7. Promotion (may) = Citations and Downloads

6. Spreading Your Love of Science

5. Setting the Record Straight

4. Sharing Interesting Things

3. Enhancing Your Research

2. It’s Easy

1. It’s Fun



By and large, I agree with most of what he says. However, I’m in kind of a grumpy mood re: social media at the moment, so I feel compelled to note that many of these have a flip side, as well. Because, you know, social media are social, and while that has aspects that are fun and positive, it also brings in a fair amount of the usual bullshit that comes with dealing with people.


So, yeah, social media does provide an easy way to share your interests with a wide audience. I have significantly more followers on Twitter than there are students at Union, so anything I post there is put in front of a much bigger audience than I could ever hope to reach with my day job. And if I post something really good that gets shared around, it can reach a vast number of people.
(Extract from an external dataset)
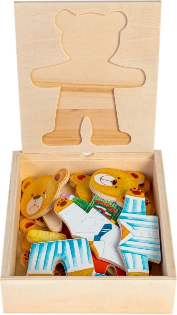 Dřevěná skládanka s motivem medvídka je zábavná hračka pro děti. Díky různorodým výřezům můžete medvídka obléct nebo změnit jeho náladu, což se dětem jistě zalíbí. Všechny dílky se pohodlně vejdou do dřevěného boxu, který slouží také jako podložka pro skládání.
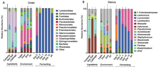 Relative abundance of bacterial taxa in the fermenting sauerkraut, ingredient, and environmental samples at the (A) order and (B) genus levels. Only the top seven taxa from the fermenting and ingredients/environment sample groupings are shown.

At the same time, though, it’s all about the network. Which is to say, the actual reach of what you post depends on who follows you, and how they respond. Which recapitulates all the pathologies of the prestige networks that afflict offline academia. It’s a completely different hierarchy, with different sorts of people in the crucial network nodes, but it’s the same game in a lot of ways. If you’re someone who flinches when you hear the word “networking” in a social context, you’re not going to avoid that by moving your activities online. You still need to cultivate relationships with the “right” people to really benefit from the network, and if your interests or opinions differ too much from theirs, you can be shut out just as effectively online as in traditional social networks.


The social nature of social media also turns up in the “newsy and trendy” side, again in ways that replicate both good and bad features of offline culture. You’ll spend a lot of time reading stuff that is, frankly, kind of baffling, in the same way that pop music or general celebrity can be baffling. Again, social-media celebrity accretes around a different set of stuff than offline celebrity, but the end result is very much the same. And if your personal tastes and interests don’t happen to align with the whims of the network, you’ll spend a lot of time frustrated at great stuff going largely unrecognized while total crap gets praised to the skies. You’ll slave for hours crafting the perfect treatment of some problem, and get no response, but a dashed-off joke about, say, squirrels chewing the wiring in your car will become a fluke juggernaut.


And, of course, your ability to promote particular activities and results is subject to the caprices of the news cycle. If you’ve got a great new paper to talk about, but you’re unlucky enough to post it to the arxiv or your blog on the day some random shitstorm breaks, well, you’re pretty much out of luck. Everybody will be talking endlessly about the outrage of the moment, and almost nothing you can do will break through. And, of course, by the time the outrage subsides, whatever you had to promote is old news.


Again, all of this stuff is very natural and unavoidable, because it’s social. This stuff is just what happens when you put large groups of people together; it’s not good or bad, it’s just there, like the weather. At the same time, like the weather, it can be incredibly frustrating to deal with when you hit a bad run of luck.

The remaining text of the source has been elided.